Most of the help Fairhaven provides other churches is for one-time projects, but one long-term need it met was to pay the health insurance premium for a pastor whose church could not afford it. Smith says, “We want to make sure we have a long-standing relationship with them. We don’t want a hit-and-run kind of situation when we’re helping a church.”

While many of the fastest-growing or largest churches have merged with other struggling churches, that isn’t the only way to multiply. Smith summarizes Fairhaven’s relationship with its partner church: “We want to be two churches working together, proving to the city that we can cross racial and economic walls and pull them down in the name of love and in the name of hope.”

BridgePoint noticed a local church was struggling and asked how it could help.

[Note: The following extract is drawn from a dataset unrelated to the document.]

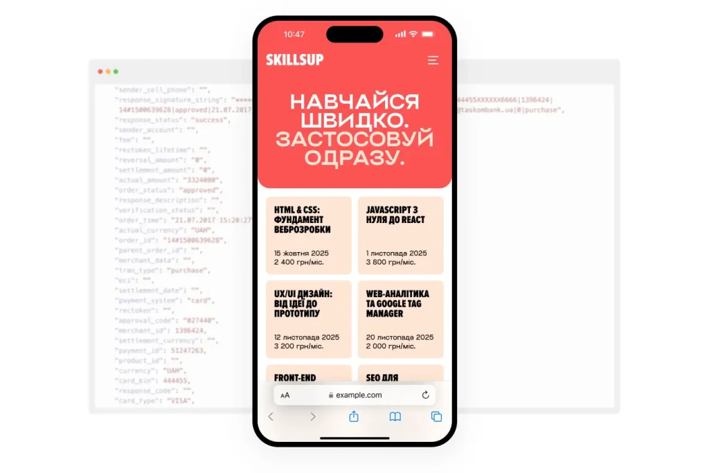 Щойно користувач обрав потрібний для себе онлайн-курс чи інший освітній продукт, він автоматично потрапляє на платіжну сторінку hutko для оплатиПроцес залежить від способу інтеграції. Саме вона дбає про комфорт покупців та високу конверсію. А ще її можна кастомізувати під стилістику вашого бренду та зробити невіддільним елементом воронки продажу.

Initially the response was, “No, everything is good.” But after trust was developed, BridgePoint was able to help the church with a new sound system and air conditioning for its facility.

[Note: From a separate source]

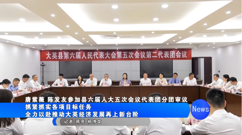 大英融媒体(记者 蒋亮 杨博文)5月22日至5月23日,县委书记唐紫薇,县委副书记、代理县长陈发友一同参加县六届人大五次会议的各代表团分团会议,与人大代表们齐聚一堂,围绕各项报告展开热烈审议。唐紫薇强调,要全面贯彻落实党的二十大和二十届二中、三中全会精神,认真落实党中央、国务院,省委、省政府,市委、市政府和县委决策部署,抓紧抓实各项目标任务,全力以赴推动大英经济发展再上新台阶。

Leaders at another church approached to see if BridgePoint would buy their property, but Whipple sensed that wasn’t the real problem. They then admitted they couldn’t make their payroll. When BridgePoint wrote a check to get the church through the rough time, the leaders asked what it would mean for BridgePoint. Whipple answered, “It’s not about us. This is about keeping you alive because there needs to continue to be work where you are, and if you close your doors, that’s a loss for the kingdom.”

Whipple adds, “Sometimes, it’s not about physical things. It’s just letting them know they are not alone.”

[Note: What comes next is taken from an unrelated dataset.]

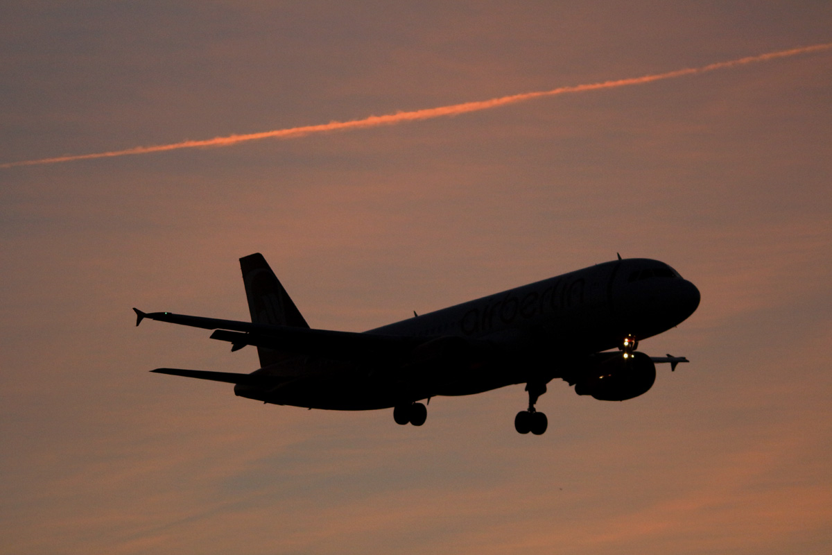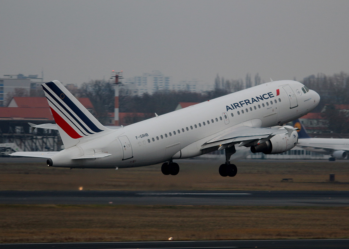 Ein Air France Airbus A319 kurz vor der Landung auf dem Flughafen Düsseldorf. Die Bahnstrecke Düsseldorf-Duisburg nördlich der Station Düsseldorf/Flughafen unterquert hier das Ende einer der Start- und Landebahnen.

For CedarCreek, most of the churches they partner with are church plants. Their partnership involves not only financial support but also friendships. The church has helped another local church with sound and lighting systems, supplemented the pastor’s pay and provided a car. They also send people to work in the church’s clothing and food ministries.

“We want to come alongside and help them be successful,” Hutmacher explains, “because we really feel like, as a whole city, we are going to be successful when they’re winning, as well.”

When Red Rocks was experiencing faster growth in attendance than in giving, they were hurting financially. Then they met the staff of a church worse off than them—and that church desperately needed to fill an open staff position. Even though Red Rocks couldn’t hire the people it needed, its leaders realized they could change the whole dynamic of another church if they helped with its hire. They sent almost all they had to the other church.

There have been times when Red Rocks knew a handful of local churches were struggling financially, so it sent those pastors a Christmas bonus. Johnson explains, “We want to make sure we’re taking some financial risks that don’t directly benefit our church.” His advice to other churches is the same advice he gives to people in his church: “Start being generous now before you feel like you can actually do it.”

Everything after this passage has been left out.